_Information_.
******************************

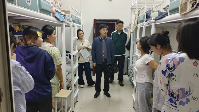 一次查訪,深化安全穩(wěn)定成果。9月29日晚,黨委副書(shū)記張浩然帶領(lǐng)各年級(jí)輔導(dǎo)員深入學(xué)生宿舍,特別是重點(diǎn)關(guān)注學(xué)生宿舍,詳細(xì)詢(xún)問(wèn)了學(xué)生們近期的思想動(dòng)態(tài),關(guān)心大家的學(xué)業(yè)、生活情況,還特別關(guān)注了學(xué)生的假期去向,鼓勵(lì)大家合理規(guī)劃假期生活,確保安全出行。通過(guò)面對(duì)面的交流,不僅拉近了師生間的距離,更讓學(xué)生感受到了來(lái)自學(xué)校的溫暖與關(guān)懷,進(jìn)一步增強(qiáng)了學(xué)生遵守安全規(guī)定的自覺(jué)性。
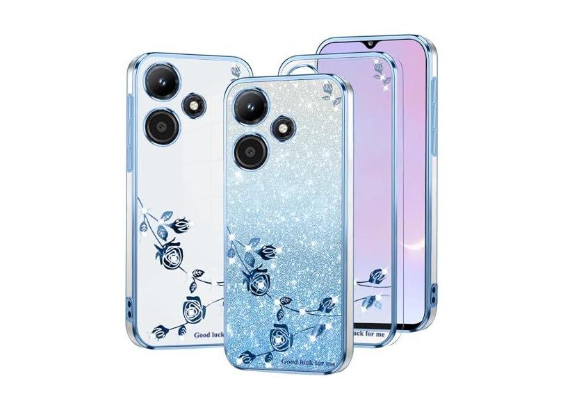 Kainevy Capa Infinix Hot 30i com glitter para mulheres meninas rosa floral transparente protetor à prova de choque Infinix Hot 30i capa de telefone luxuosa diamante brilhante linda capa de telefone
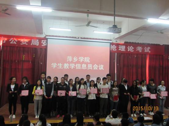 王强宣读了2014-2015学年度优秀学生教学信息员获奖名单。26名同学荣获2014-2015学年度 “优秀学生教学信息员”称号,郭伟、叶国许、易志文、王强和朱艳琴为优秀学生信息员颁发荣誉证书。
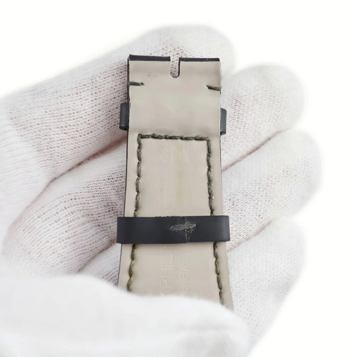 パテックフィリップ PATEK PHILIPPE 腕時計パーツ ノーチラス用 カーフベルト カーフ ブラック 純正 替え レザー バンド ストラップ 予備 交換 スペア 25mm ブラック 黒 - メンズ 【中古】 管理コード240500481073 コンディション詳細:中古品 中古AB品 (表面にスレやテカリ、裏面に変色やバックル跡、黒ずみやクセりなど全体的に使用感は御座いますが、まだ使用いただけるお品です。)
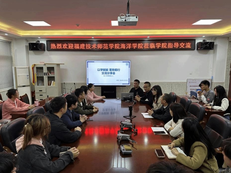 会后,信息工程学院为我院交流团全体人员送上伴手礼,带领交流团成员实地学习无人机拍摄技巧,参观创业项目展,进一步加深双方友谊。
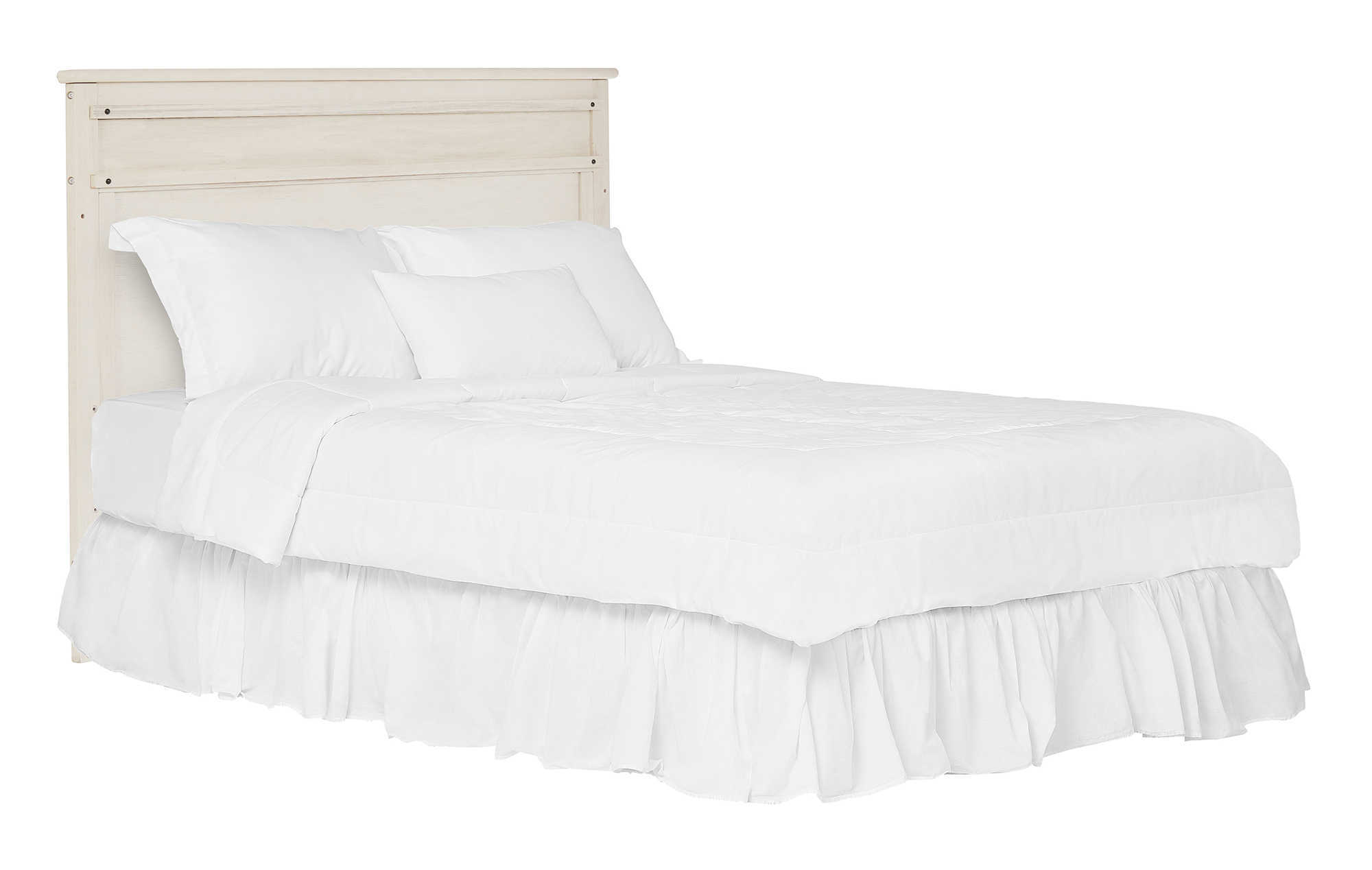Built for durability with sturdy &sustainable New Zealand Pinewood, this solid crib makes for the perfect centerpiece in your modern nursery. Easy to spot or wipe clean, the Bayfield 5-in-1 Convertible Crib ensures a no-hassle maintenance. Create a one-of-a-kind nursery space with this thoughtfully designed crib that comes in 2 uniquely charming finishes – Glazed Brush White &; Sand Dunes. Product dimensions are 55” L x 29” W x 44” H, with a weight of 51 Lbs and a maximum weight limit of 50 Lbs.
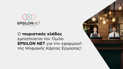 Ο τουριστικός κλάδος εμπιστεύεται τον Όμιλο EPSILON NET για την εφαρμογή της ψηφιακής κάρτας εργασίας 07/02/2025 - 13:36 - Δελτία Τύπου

******************************

_Assignment_. Print out the entries once more, unchanged. No pictures.

_Task solution_.
 一次查訪,深化安全穩(wěn)定成果。9月29日晚,黨委副書(shū)記張浩然帶領(lǐng)各年級(jí)輔導(dǎo)員深入學(xué)生宿舍,特別是重點(diǎn)關(guān)注學(xué)生宿舍,詳細(xì)詢(xún)問(wèn)了學(xué)生們近期的思想動(dòng)態(tài),關(guān)心大家的學(xué)業(yè)、生活情況,還特別關(guān)注了學(xué)生的假期去向,鼓勵(lì)大家合理規(guī)劃假期生活,確保安全出行。通過(guò)面對(duì)面的交流,不僅拉近了師生間的距離,更讓學(xué)生感受到了來(lái)自學(xué)校的溫暖與關(guān)懷,進(jìn)一步增強(qiáng)了學(xué)生遵守安全規(guī)定的自覺(jué)性。
 Kainevy Capa Infinix Hot 30i com glitter para mulheres meninas rosa floral transparente protetor à prova de choque Infinix Hot 30i capa de telefone luxuosa diamante brilhante linda capa de telefone
 王强宣读了2014-2015学年度优秀学生教学信息员获奖名单。26名同学荣获2014-2015学年度 “优秀学生教学信息员”称号,郭伟、叶国许、易志文、王强和朱艳琴为优秀学生信息员颁发荣誉证书。
 パテックフィリップ PATEK PHILIPPE 腕時計パーツ ノーチラス用 カーフベルト カーフ ブラック 純正 替え レザー バンド ストラップ 予備 交換 スペア 25mm ブラック 黒 - メンズ 【中古】 管理コード240500481073 コンディション詳細:中古品 中古AB品 (表面にスレやテカリ、裏面に変色やバックル跡、黒ずみやクセりなど全体的に使用感は御座いますが、まだ使用いただけるお品です。)
 会后,信息工程学院为我院交流团全体人员送上伴手礼,带领交流团成员实地学习无人机拍摄技巧,参观创业项目展,进一步加深双方友谊。
Built for durability with sturdy &sustainable New Zealand Pinewood, this solid crib makes for the perfect centerpiece in your modern nursery. Easy to spot or wipe clean, the Bayfield 5-in-1 Convertible Crib ensures a no-hassle maintenance. Create a one-of-a-kind nursery space with this thoughtfully designed crib that comes in 2 uniquely charming finishes – Glazed Brush White &; Sand Dunes. Product dimensions are 55” L x 29” W x 44” H, with a weight of 51 Lbs and a maximum weight limit of 50 Lbs.
 Ο τουριστικός κλάδος εμπιστεύεται τον Όμιλο EPSILON NET για την εφαρμογή της ψηφιακής κάρτας εργασίας 07/02/2025 - 13:36 - Δελτία Τύπου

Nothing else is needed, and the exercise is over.